(TASK MATERIAL)

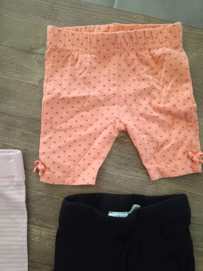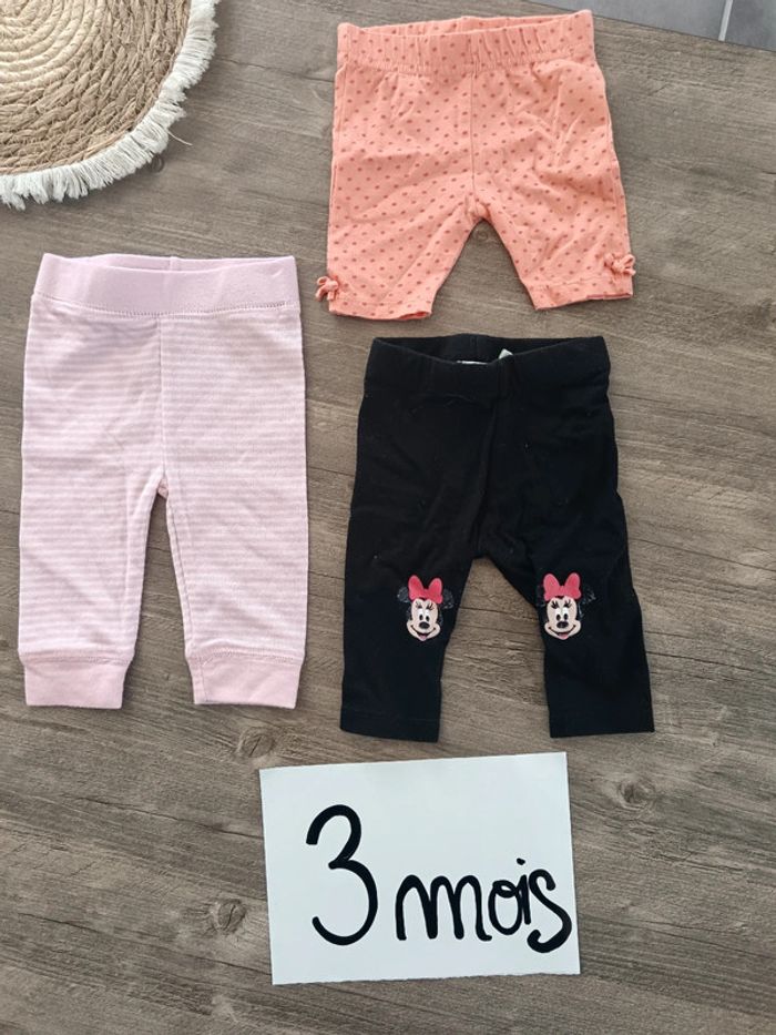 Lot de deux pantalons 1 rose a rayures blanches 1 noir avec motifs mini legerement effacer voir la photo marque Disney Baby 1 pantacourt orange à point rose de nœud sur le côté des jambes Marque baby Gémo Taille 3 mois Très bon état général pas de trou ni de tâches. N'hésitez pas à cliquer sur le lien ci dessous, vous y trouverez ma liste de vêtements de la même taille ⤵️ 📌#Angeelle42_Fille_3mois Réduction en achetant plusieurs articles ☺️
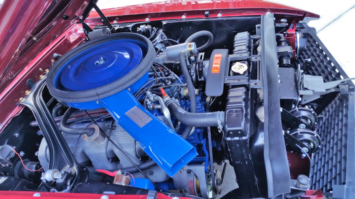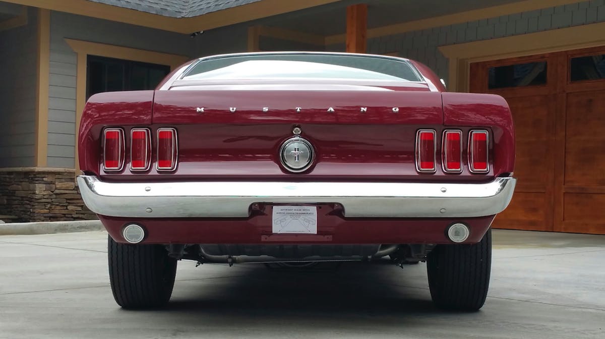 What’s more is that the factory-installed smog pump is still installed, along with a dual-point distributor, factory exhaust manifolds and a Holley carburetor. The Boss hasn’t been tampered with much either, seeing as the 1969-specific, 3/4-inch rear sway bar and transverse mufflers are still present, only adding to the value of the one-of-a-kind ’Stang.
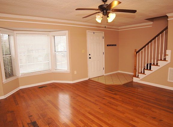 Quaint townhouse in convenient location...New paint and back door. The family room has a wood burning fireplace and natural lighting. There is a dining room and kitchen on the main level, the kitchen features black appliances and wood cabinets.. The laundry closet is located in the kitchen on the main level. Hardwood floors Throughout (Excluding Bathrooms & Kitchen-Tile) There is a half bath and a cute built-in on the main level as well. Upstairs you will find 2 bedrooms each with a private bathroom and hardwood floors. Tons of closet/Storage space. Outdoors you will find a fenced yard with deck, great for entertaining. A MUST SEE!
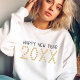 Noir et or heureux sweatshirt blanc de la nouvelle année. Personnalisez-le en changeant l'année. Idéal pour une nouvelle année de fête ou d'événement.
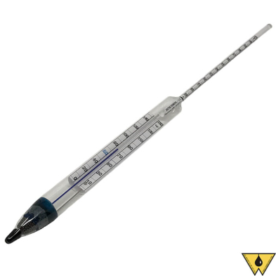 API Chapter 9.3 of the MPMS, ASTM D1298, and E1000. These instruments combine API gravity scale with a thermometer in the body and are the standard and preferred size normally used for determining the gravity of crude oil and other liquid petroleum products, Length approximately 15 inch (374 to 387 mm), diameter ¾ to 1 inch (18 to 25 mm). Thermometer range is 0 to 150°F.

(End TASK MATERIAL)

=== EXERCISE BRIEF ===
Your task is to repeat exactly the lines from the beginning of the data to the line that contains "What’s more is", both ends included, leaving out pictures.

=== TASK RESPONSE ===
 Lot de deux pantalons 1 rose a rayures blanches 1 noir avec motifs mini legerement effacer voir la photo marque Disney Baby 1 pantacourt orange à point rose de nœud sur le côté des jambes Marque baby Gémo Taille 3 mois Très bon état général pas de trou ni de tâches. N'hésitez pas à cliquer sur le lien ci dessous, vous y trouverez ma liste de vêtements de la même taille ⤵️ 📌#Angeelle42_Fille_3mois Réduction en achetant plusieurs articles ☺️
 What’s more is that the factory-installed smog pump is still installed, along with a dual-point distributor, factory exhaust manifolds and a Holley carburetor. The Boss hasn’t been tampered with much either, seeing as the 1969-specific, 3/4-inch rear sway bar and transverse mufflers are still present, only adding to the value of the one-of-a-kind ’Stang.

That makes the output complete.